Try "put(enum.a) or a variation, 'image, 'first, etc. ;"That would be a must, in order to change an element in an enumeration type, wouldn’t if? And if so, the we need a variable instance name for the enumeration type’s elements, a and b. a and b are not variables, are they, but fixed constants, the basic concept of an enumeration type.
I could easily be wrong, but are you assigning an enumeration type’s element to a separate enumeration type’s name? That would be two distinct and incompatable types, unless you did an explicit type conversion of some sort.
Barne’s Ada 2012 has a good section on overloading enumeration type’s elements, with the enumeration type name.
type color is (blue, red, black);
type mood is (blue, red, black);
…
– this seems crude, but it works
if color = blue then put (“it’s a beautiful blue sky today”); end if;
if mood =blue then put(“I am feeling blue today”); end if;
Ada’s strick rules on “everything is a type” seems fuzzy on the type of an enumeration type’s elements, which have to be inferred and seems mostly a convenience for case and if statements, to me.
Thanks; I was not clear that an enumeration type’s literals were a parameterless function returning the actual value; doesn’t the function’s return type have to returned to the same type variable as the returned type? Do you mean return is parameterless? In this case an enumeration literal So, contrary to all of Ada strict typing, we here have an x (without a prior declaration) implicitly becoming a literal type of an element of an enumeration type. Some little hidden feature of Ada standards and compiler functions/
I’m not sure what you mean here, Ada allows function overloading.
If you were to ‘privatize’ the original types it would be:
Package Example is
Type Color is private;
Function Blue return Color;
Function Red return Color;
Function Black return Color;
Type Mood is private;
Function Blue return Mood;
Function Red return Mood;
Function Black return Mood;
Private
-- Here the values are given arbitrary names, for illustrative purposes.
Type Color is (Name_A, Name_B, Name_C);
Type Mood is (Name_1, Name_2, Name_3);
-- …also, we are explicitly showing the values here, assuming a system
-- bit-width of 4, for simplicity's sake.
For Color use (
Name_A => 2#0000#, -- Color'Pos( Name_A ) = 0.
Name_B => 2#0001#, -- Color'Pos( Name_B ) = 1.
Name_C => 2#0010# -- Color'Pos( Name_C ) = 2.
); -- 'Pos realized internally via Unchecked_Conversion.
Function Blue return Color renames Name_A;
Function Red return Color renames Name_B;
Function Black return Color renames Name_C;
Function Blue return Mood renames Name_1;
Function Red return Mood renames Name_2;
Function Black return Mood renames Name_3;
End Example;
So, the above is essentially the same as the definition you gave, albeit w/o the attributes being exposed to the user Example.
And, for completeness, the reason the if color_value = blue and if mood_value = blue works is because of overloading: the = that is used is either Function "=" (Left, Right : Color) return Boolean or Function "=" (Left, Right : Mood) return Boolean.
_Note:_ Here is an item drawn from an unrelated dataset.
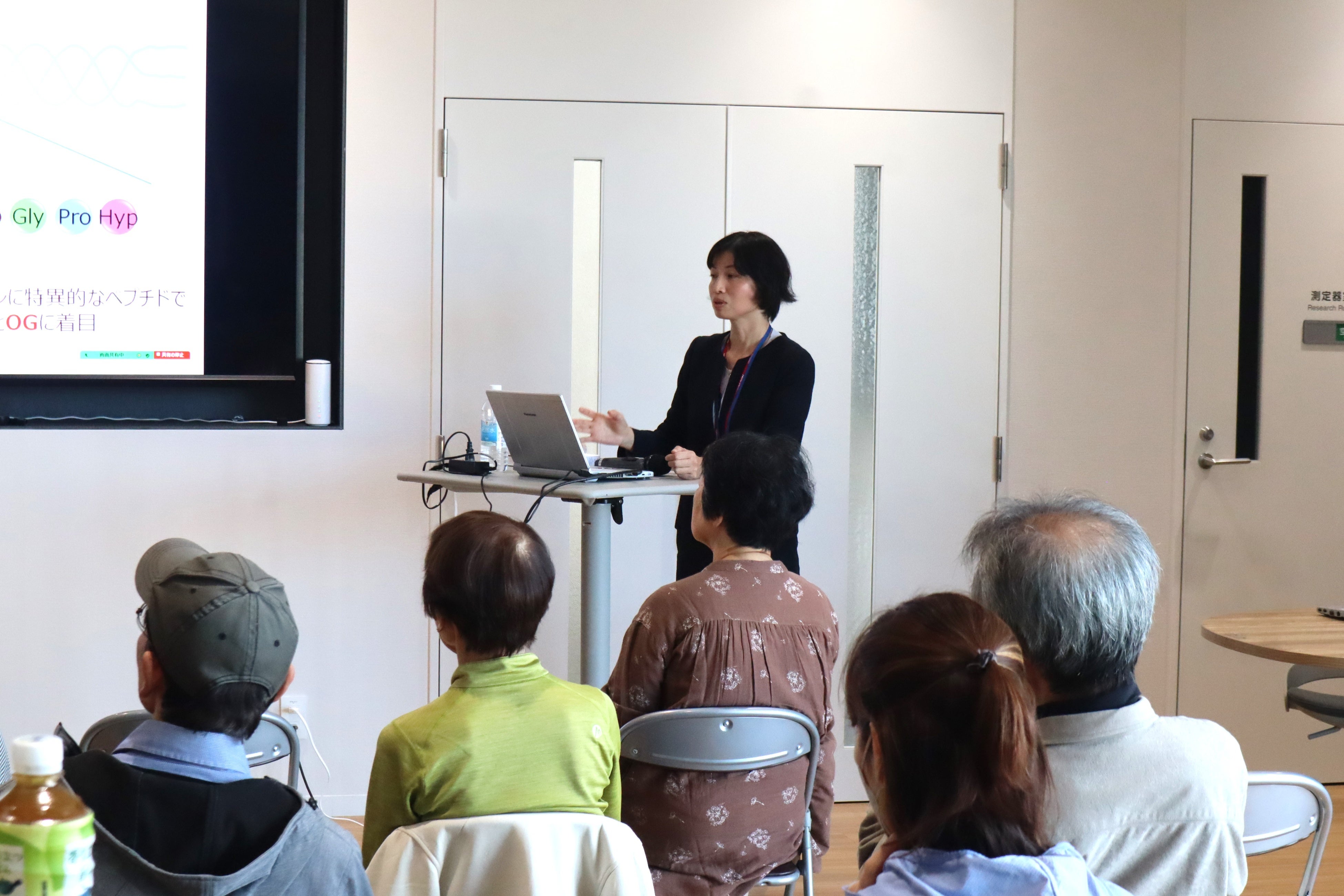 また弊社コラーゲンペプチドの中でも「TYPE-S」という低分子コラーゲンペプチドの肌へのうるおいと弾力のヒト試験結果についても、試験概要や作用機序と併せて、研究員から説明していただきました。

Since ‘Blue’ could be either, Right is indeterminate, so the compiler looks at Left and there it finds a single = which it could be, which then forces the Right parameter to be Mood, which disambiguates the call of Blue.
No, you have it backwards: the strict typing is what allows us to ‘work backwards’ and disambiguate the overloaded function so that we know what everything is.